Outside the temple, a khat (small palanquin) was brought along with a traditional colorful umbrella. The police encircled the front entrance of the temple and did not let anyone enter. The golden top of the khat was lifted and taken out, so that it was easier to place the idol in it. A priest in his white hat, red top, and white skirt came out of the temple with a jug in one hand and a little grass in the other, along with another person carrying a fire torch. The priest dipped the grass in the jug's holy water, took it out, and sprinkled the water around by shaking the grass. It is done to cleanse and purify the space before the idol is brought out. Also, another person came out with a silver pujwo (plate-like utensil used for worship) containing holy water, and sprinkled it on the people with his hand.
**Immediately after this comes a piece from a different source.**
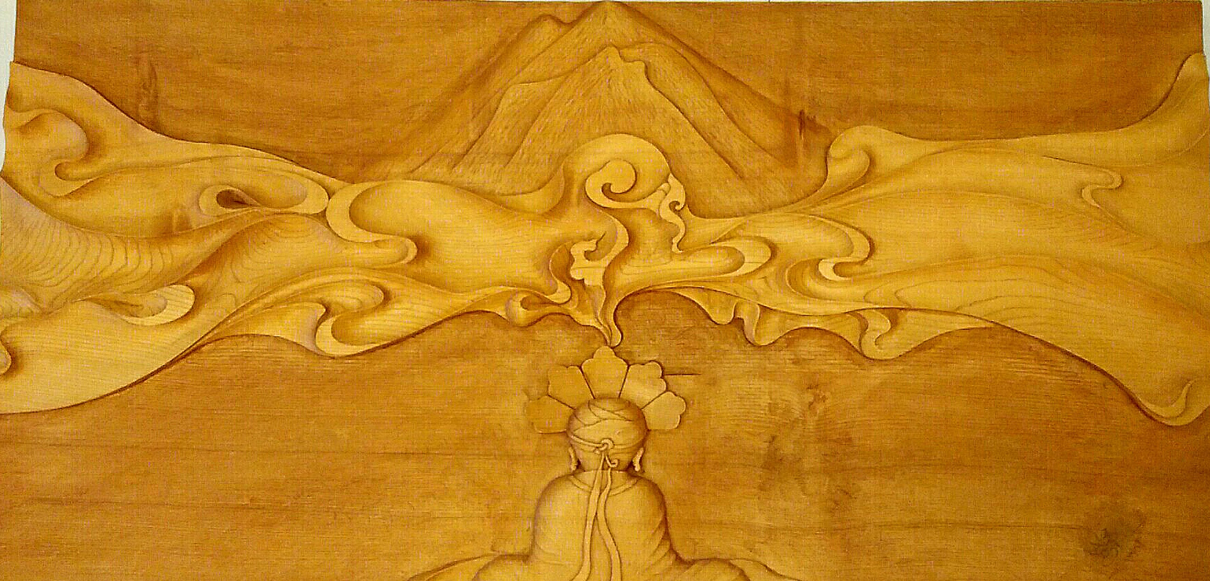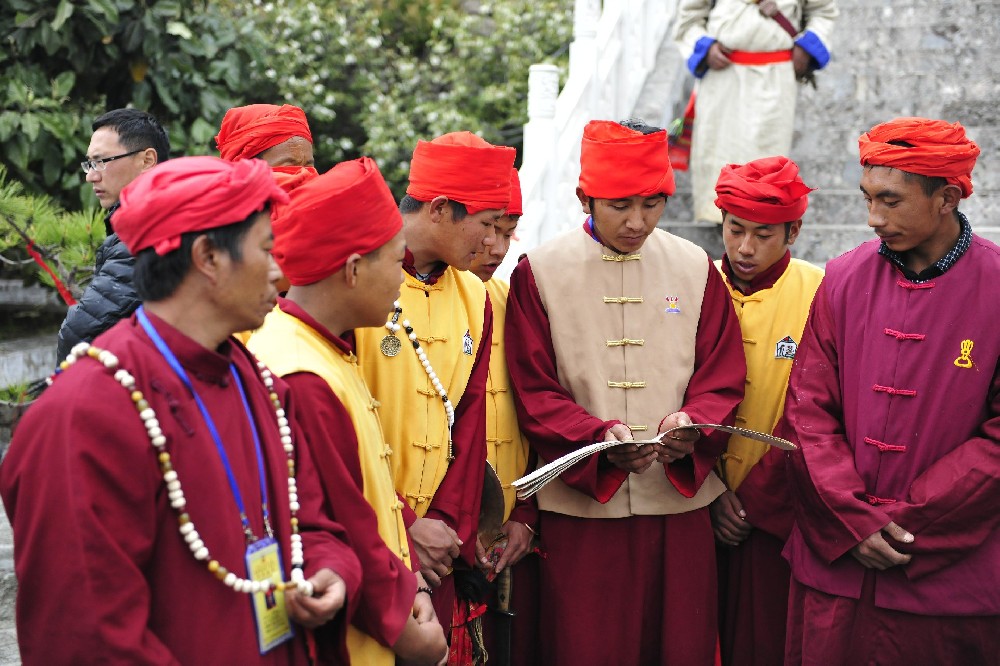 據(jù)古老的東巴經(jīng)《崇搬圖》(創(chuàng)世紀(jì))記載,在宇宙混沌萬物還沒有產(chǎn)生的時候,上方傳來一個美妙的聲音,下方冒出一個白氣,聲音和氣結(jié)合產(chǎn)生了天和地。

Shortly after, the Rato Machhindranath idol was finally brought out of the temple, carried by two or more pandus. Another two people on each side of the idol held and waved white brush-like tools. One person held the silver nhaaykann. The idol was placed straight into the khat. The top-lid of the khat was put back on, and the khat was carried by four men. One person held the traditional colorful umbrella over the khat and they headed off to Pulchowk, where the chariot has been built. As the khat was lifted, the Guruju Paltan fired gun shots in the air to mark the start. The paltan and the crowd also followed the khat.
The khat was carried along the way from Ta:bahal to Kumaripati to Jawalakhel, and finally Pulchowk, which is a fairly short trip lasting ten to twenty minutes. Road traffic on the road section is blocked for the ritual for some time. More traffic police personnel than usual are there to handle the traffic. After the khat reaches Pulchowk, it is put down near the chariot. The pandus climb on the chariot and lift the red idol from the khat to the chariot. As the god is well-seated in the chariot, the Guruju Paltan fires another round of mandatory gun shots. After the gunshots are fired, it's official.
After hearing the concluding gunshots, we locals say a phrase in Newari, “Dyo yaa nyaata," by which we understand that the chariot has reached its designated stop for the day and it is already made official by the Guruju Paltan by firing gun shots. The residents of Pulchowk celebrate their Chwayla:bhu on the day. They invite their family and relatives over and feast on Newari food. The chariot remains at Pulchowk for another two days. On the third day, the chariot is pulled to Ga:bahal and then to many other precisely designated locations around Patan. Wherever and whenever the chariot stops, the residents around the place celebrate: Jatra aayo!